The sensor also includes a secondary conducting surface 16 connected to the heating conductor 4 which is intended to facilitate electroplating. An electroplating electrode connected to the surface 14 of the upper comb will also be brought into contact with the surface 16, thereby enabling the metal deposit on the teeth of the lower comb to be reinforced. If this precaution were not taken, the density of the electroplating current would tend to be reduced in the corresponding zone owing to the relatively large surface area of the printed network at the location of the sensor and owing to the voltage gap between its two combs.

In the embodiment represented in FIG. 3, the design of the sensor is similar, but the two conducting surfaces 14 and 16 are disposed one above the other. This enables the width of the sensor to be reduced without excessively increasing its height. In addition the electrode 11, connected to the free terminal 10, is enclosed by a conductor 17 connected to heating conductor 4 and hence forming part of electrode 12. Conductor 17 constitutes a shield which isolates the electrode 11 from the ground constituted by the bodywork along the edge of the window. As the electrode 11 is itself DC isolated by the capacitor 9 (FIG. 1), there can be no appreciable continuous voltage between the sensor electrodes. The external leakage current is not disturbing on the whole and furthermore remains weak if the sensitivity of the sensor is suitably adjusted, as the limit of the visibility zone is again moved back beyond the outer edge. The conductor 17 also guards against any possible drops of condensate flowing into the active zone 15, but it is advantageous to provide a channel or gutter 18 thereabove which can extend into the moist region without any disadvantage. The teeth 11 of the comb electrode are terminated within a few millimeters of the heating conductor 4, with the exception of the two outer teeth which descend to within a few tenths of a millimeter.

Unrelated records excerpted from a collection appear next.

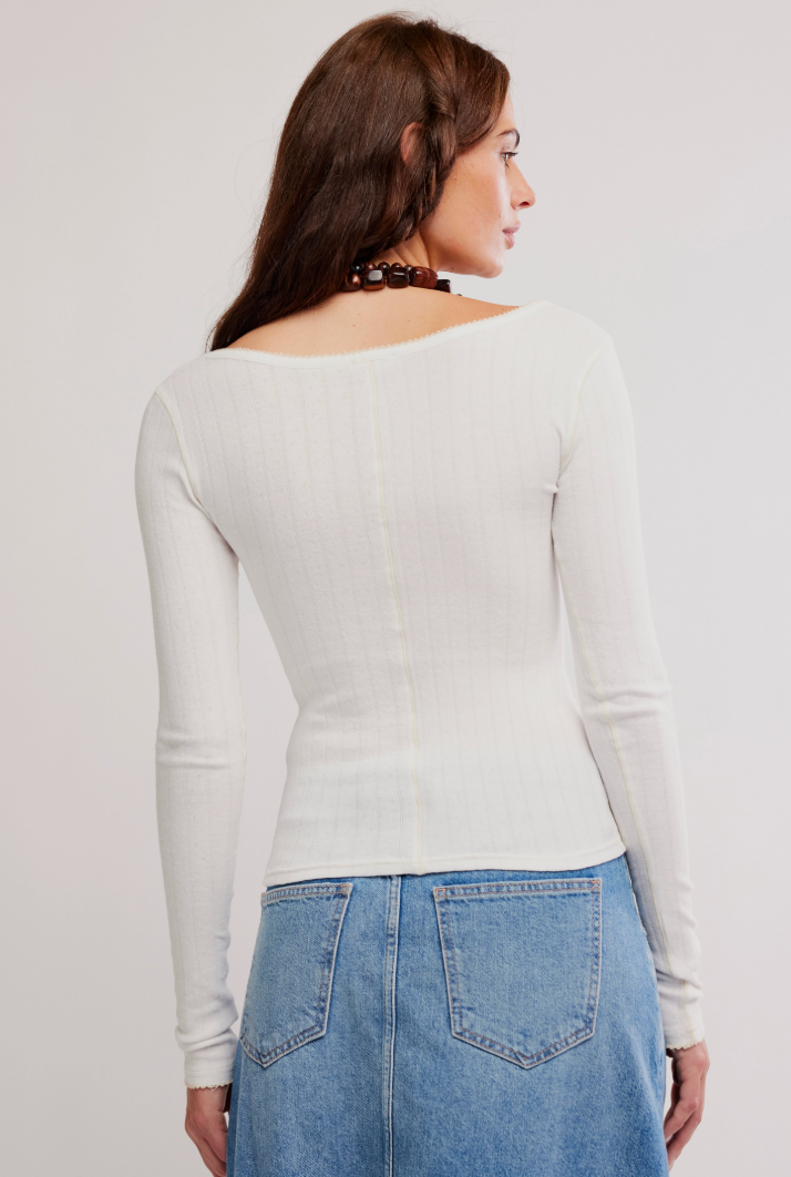This effortlessly flattering ribbed top is the kind of piece you’ll reach for on repeat. Designed with a feminine scoop neckline and delicate button front, it hugs in all the right places while still feeling easy and wearable. The slim fit and subtle stretch make it perfect for layering or wearing solo with your favorite denim.
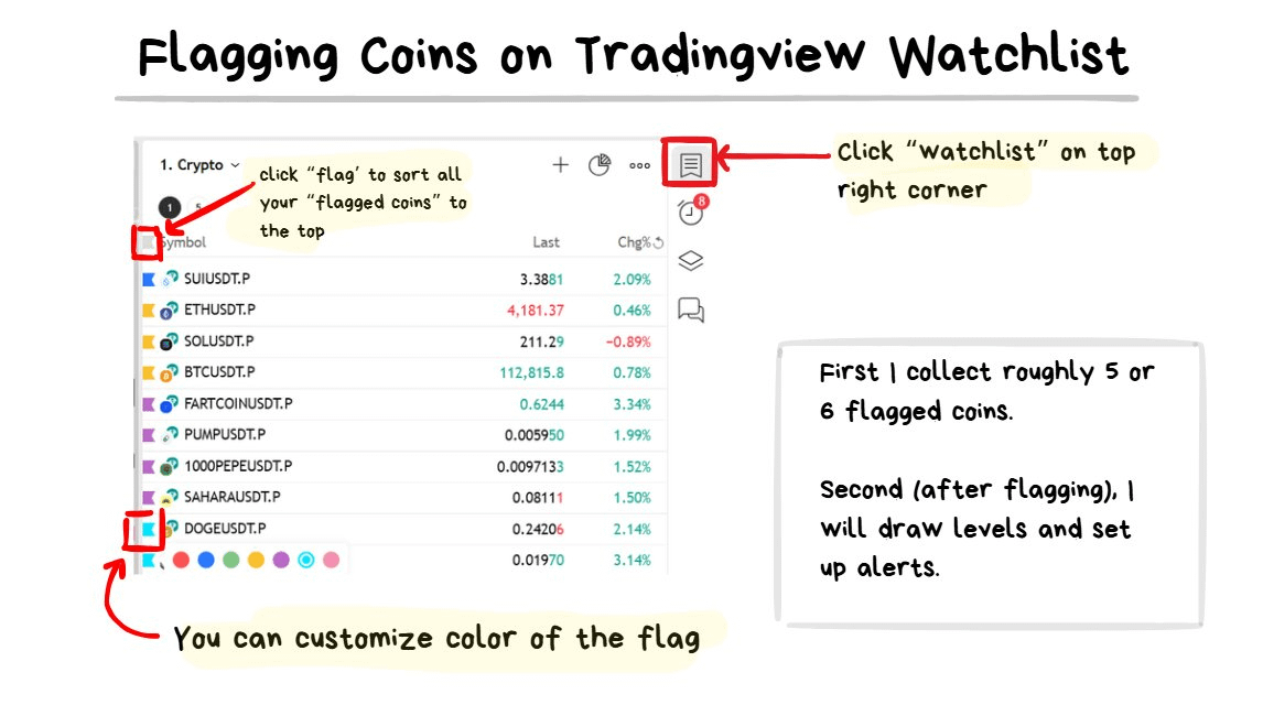 ⚠️Lưu ý: khi đánh dấu, tôi đang chuẩn bị một danh sách các đồng tiền để thực hiện phân tích kỹ thuật cho bước tiếp theo.
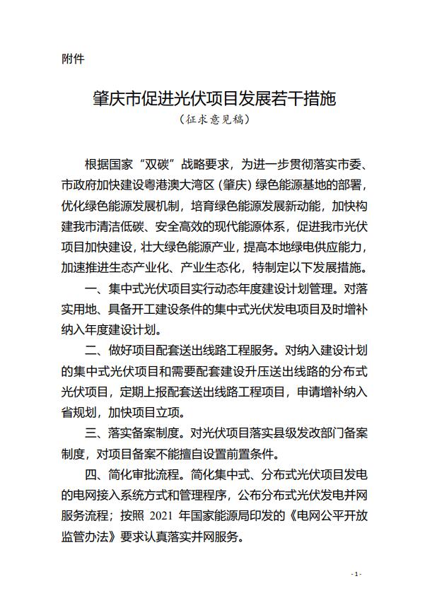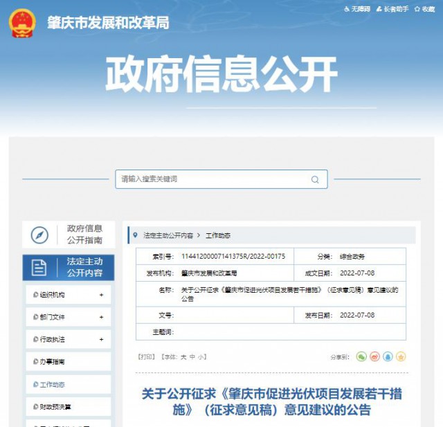 7月8日,廣東省肇慶市發(fā)改局發(fā)布關(guān)于公開征求《肇慶市促進光伏項目發(fā)展若干措施》(征求意見稿)意見建議的公告。
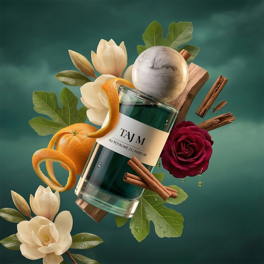 À la fois lumineux et enveloppant, TAJ M associe la fraîcheur éclatante des agrumes à la profondeur chaleureuse des bois et des épices. Cette composition équilibrée incarne une masculinité sereine, moderne et distinguée.

The sensor shown in FIG. 4 is also similar, but the comb 11 with the terminal 10 is inverted. The collector 13 thus runs along the resistive heating conductor 4 at some tenths of a millimeter therefrom. The other comb is also inverted, with the back thereof connected to heating conductor 4 and the back and outer teeth forming a shield around comb 11.

FIG. 5 shows the inner structure of a sensor laterally disposed between two heating conductors, for example at 7' (FIG. 1) on one of the sides of the window. The comb formed by the electrode 12, connected to the heating grid, is double, and comprises two sets of vertical teeth, one set being connected to the upper heating conductor 19 and the other to the lower heating conductor 20. The complementary electrode 11 has teeth connected by a median collector 13 to a conducting surface 14 on which the connection terminal 10 is affixed. An auxiliary conducting surface is formed by the bus or collector 3' of the heating network. The heating action ceases when the cleared zone reaches a line corresponding substantially to the line C. The sensor is then entirely situated in a dry zone and is also surrounded on three sides by conductors situated at the potential of the electrode 12. It is possible, but not especially advantageous, to provide the sensor with a shield conductor 17 on its fourth side.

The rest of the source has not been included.